Reproduce the lines below exactly, from the one containing "会议第三项,新党员面对党旗宣" through the one containing "パン粉に牛乳をかけておく。玉", both included. Leave out any pictures.

(Stored data)
———
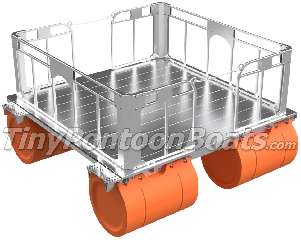 Our 8'x9' mini work barge uses our 27" wide floats, provides a bit more weight capacity, and is only a little bit larger than the next size down. If you have heavy equipment that needs to get out on the water, but still compact design, this blunk pontoon work platform gets the job done.
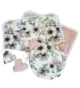 Kocyk do wózka Komplet minky do gondoli / kołyski Kwiaty szare premium 55x75 + poduszka/ kolory minky
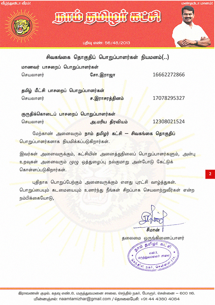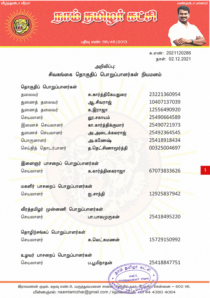 மேற்காண் அனைவரும் நாம் தமிழர் கட்சி – சிவகங்கை தொகுதிப் பொறுப்பாளர்களாக நியமிக்கப்படுகிறார்கள்.
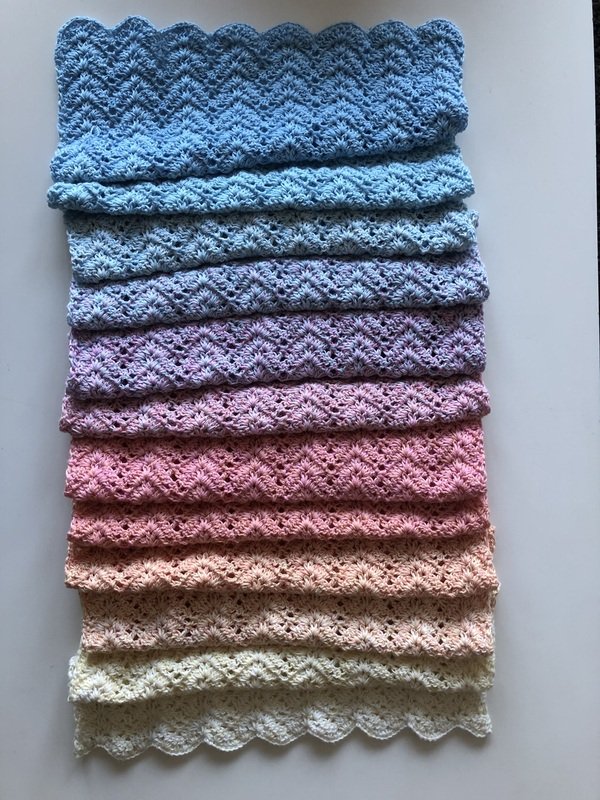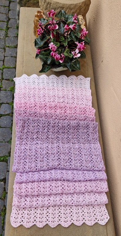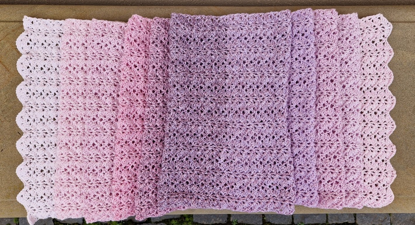 Eine übersichtliche Tabelle mit Richtwerten zu unterschiedlichen Lauflängen, Nadelstärken, und Endmaßen der Werke aus der Testhäkelgruppe ist in der Anleitung enthalten.
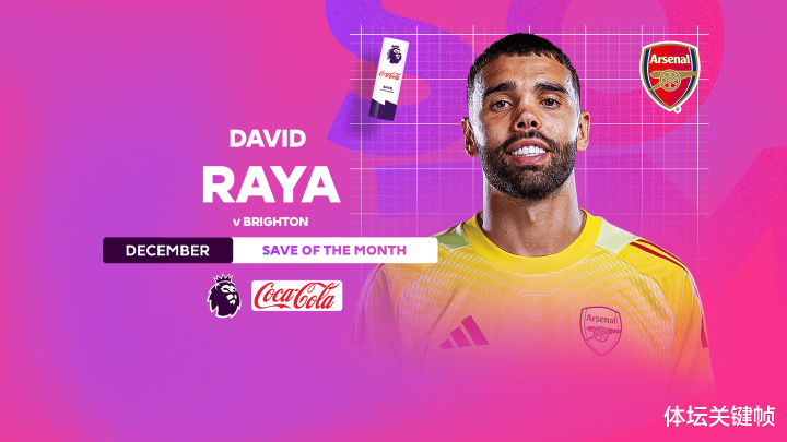 阿森纳门将戴维・拉亚在对阵布莱顿的比赛中完成的关键指尖救险,获评 2025 年 12 月厚味可乐英超月度最好扑救。
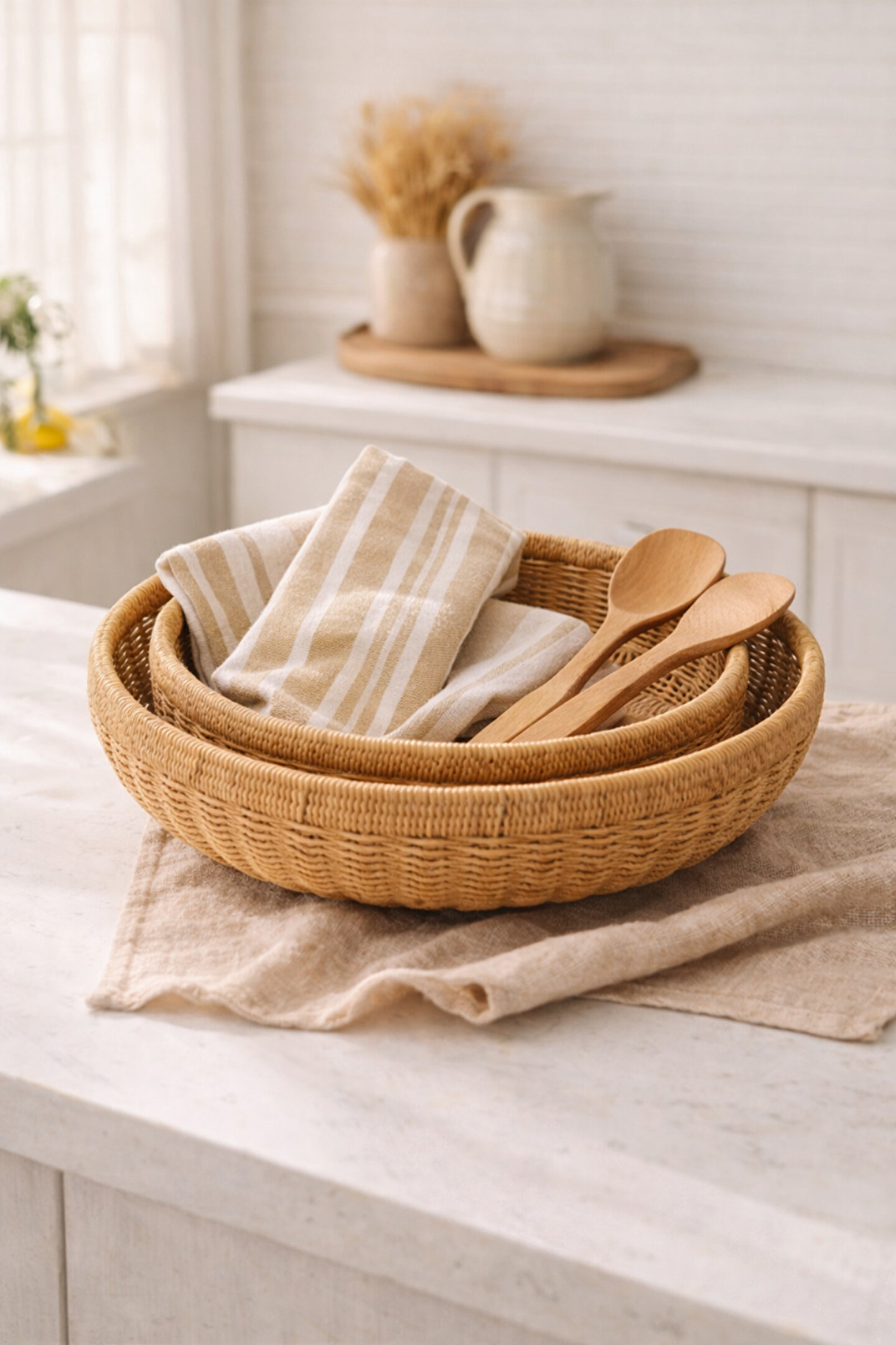 Doğal ve sıcak bir görünüm sağlayan yuvarlak hasır tepsi seti, sunumlarınızı şıklaştırır ve ev dekorunuza uyum sağlar.; 2 farklı boy tepsiden oluşur ve iç içe geçerek yerden tasarruflu şekilde saklanır.; Öne Çıkan Özellikler 2’li set: Büyük + küçük yuvarlak tepsi Çok amaçlı kullanım: Kahvaltı/çay sunumu, servis, atıştırmalık, dekor Düzenleyici olarak ideal: Mum, oda kokusu, anahtar, takı, kozmetik, banyo aksesuarı İç içe saklama: Daha az yer kaplar Dekoratif görünüm: Bohem, minimal, rustik ve modern tarzlarla uyumlu Kullanım Alanları Mutfak, salon, banyo, balkon/teras; kahve köşesi, servis masası, orta sehpa düzeni.; Temizlik & Bakım Nemli bir bezle siliniz.; Uzun süre suya maruz bırakmayınız.; (Doğal/örgü ürünlerde ton ve doku farklılıkları oluşabilir.; )
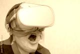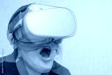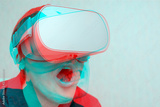 Young man of virtual reality. Innovation and technological advances. Modern technology for business. anaglyph effect, glitch, Double Color Exposure Effect .
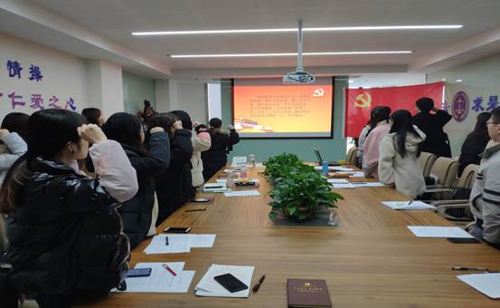 会议第三项,新党员面对党旗宣誓,老党员重温入党誓词。党员同志们纷纷表示在此会议中点燃了当初入党的那份情怀,感受到作为一名共产党员的荣誉和责任。一定会牢记共产党员的政治责任和历史使命,不断保持共产党员的先进性,以更加饱满的热情投身各自工作,切实发挥共产党员的先锋模范作用,永葆共产党员的政治本色。(供稿人:李昕彤)
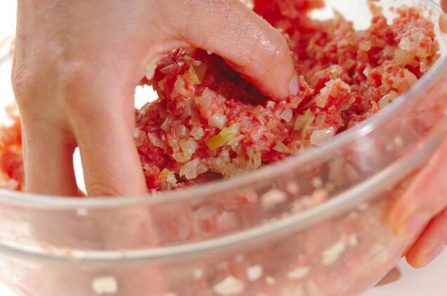 パン粉に牛乳をかけておく。玉ネギが冷めたら<タネ>の材料と混ぜ合わせる。<ソース>の材料を混ぜ合わせる。揚げ油を180℃に予熱し始める。
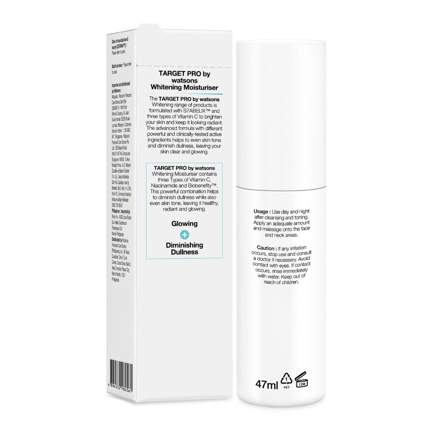 The Target Pro by Watsons Whitening range of products is formulated with three types of Vitamin C to brighten your skin and keep it looking radiant. The advanced formula with different powerful and clinically tested active ingredients helps to even skin tone and diminish dullness, leaving your skin clear and glowing. Target Pro by Watsons Whitening Moisturiser contains three Type of Vitamin C, Niacinamide and Biobenefity. This powerful combination helps to diminish dullness while also even skin tone, leaving it healthy, radiant and glowing. Suitable for normal and combination skin. Dermatologically tested. Made in Japan. Ingredient you can trust with a reduced environmental impact. This product was formulated without over 20 unwanted ingredients. Additionally, the paper used in this box packaging is certified by FSC.
———
Result of the exercise:
 会议第三项,新党员面对党旗宣誓,老党员重温入党誓词。党员同志们纷纷表示在此会议中点燃了当初入党的那份情怀,感受到作为一名共产党员的荣誉和责任。一定会牢记共产党员的政治责任和历史使命,不断保持共产党员的先进性,以更加饱满的热情投身各自工作,切实发挥共产党员的先锋模范作用,永葆共产党员的政治本色。(供稿人:李昕彤)
 パン粉に牛乳をかけておく。玉ネギが冷めたら<タネ>の材料と混ぜ合わせる。<ソース>の材料を混ぜ合わせる。揚げ油を180℃に予熱し始める。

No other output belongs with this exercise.